COLLECTED MATERIAL:
—————

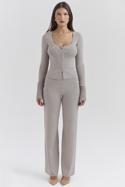 'Aspen' grey cashmere jacket and point toe boots. UNDERWEAR SOLUTION:
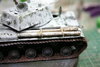 I've not touched the tracks. I used raw umber, black and burnt umber, along with a few dots of yellow and blue to give a greenish look , see above the side of the turret.
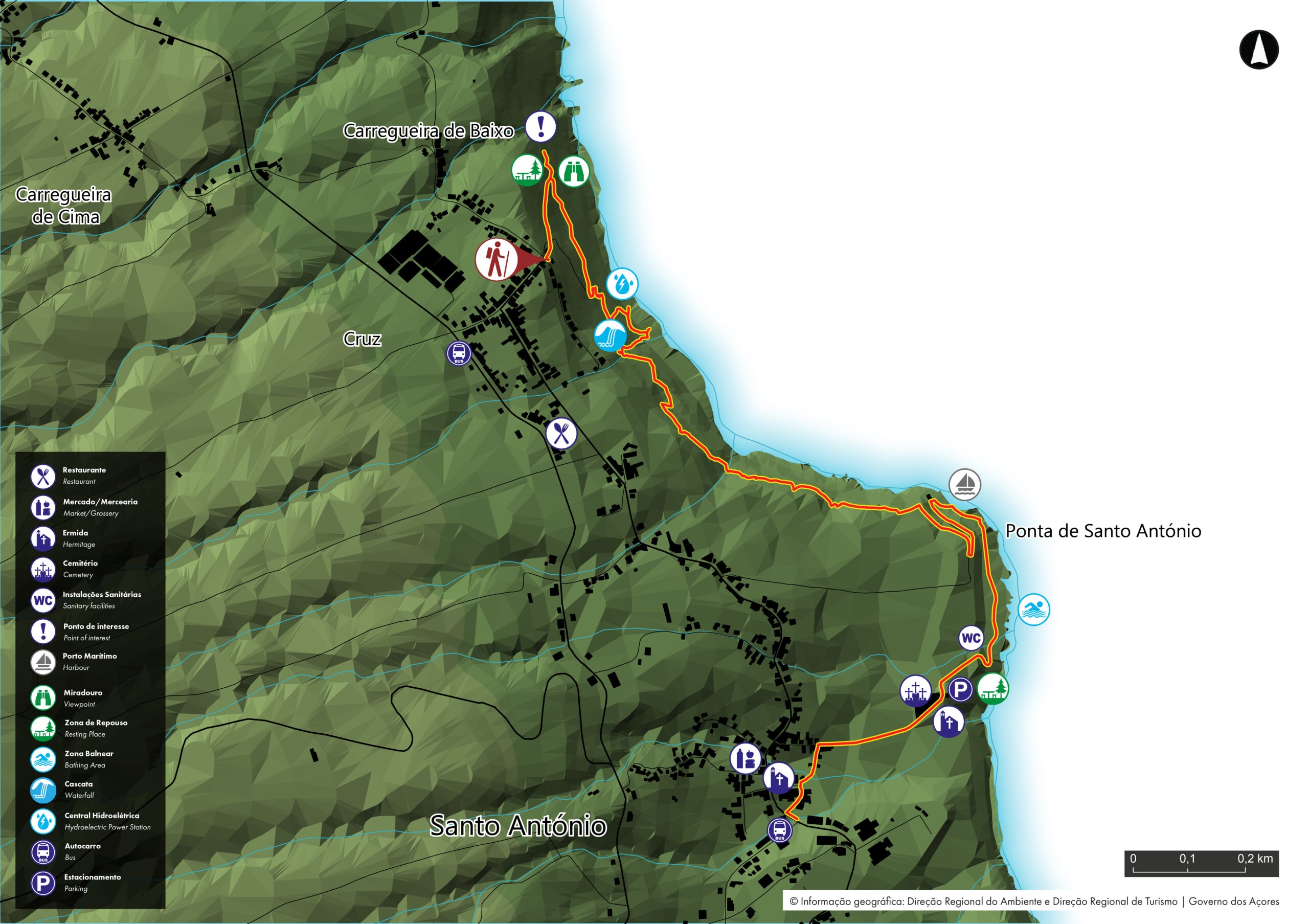 Der Weg beginnt an der Straße und führt über einen Zementweg hinunter zum Picknickplatz Fonte Grande. Von hier aus kann man einen Abstecher (Hin- und Rückweg) zu den kürzlich restaurierten Steintrögen machen, die früher von der Bevölkerung zum Wäschewaschen benutzt wurden (Foto 1). Der Rückweg bietet einen schönen Ausblick auf die Küstenlandschaft.

—————

REQUIRED WORK: Set down the data above exactly as written. Omit the pictures.

RESULT OF THIS TASK:
 'Aspen' grey cashmere jacket and point toe boots. UNDERWEAR SOLUTION:
 I've not touched the tracks. I used raw umber, black and burnt umber, along with a few dots of yellow and blue to give a greenish look , see above the side of the turret.
 Der Weg beginnt an der Straße und führt über einen Zementweg hinunter zum Picknickplatz Fonte Grande. Von hier aus kann man einen Abstecher (Hin- und Rückweg) zu den kürzlich restaurierten Steintrögen machen, die früher von der Bevölkerung zum Wäschewaschen benutzt wurden (Foto 1). Der Rückweg bietet einen schönen Ausblick auf die Küstenlandschaft.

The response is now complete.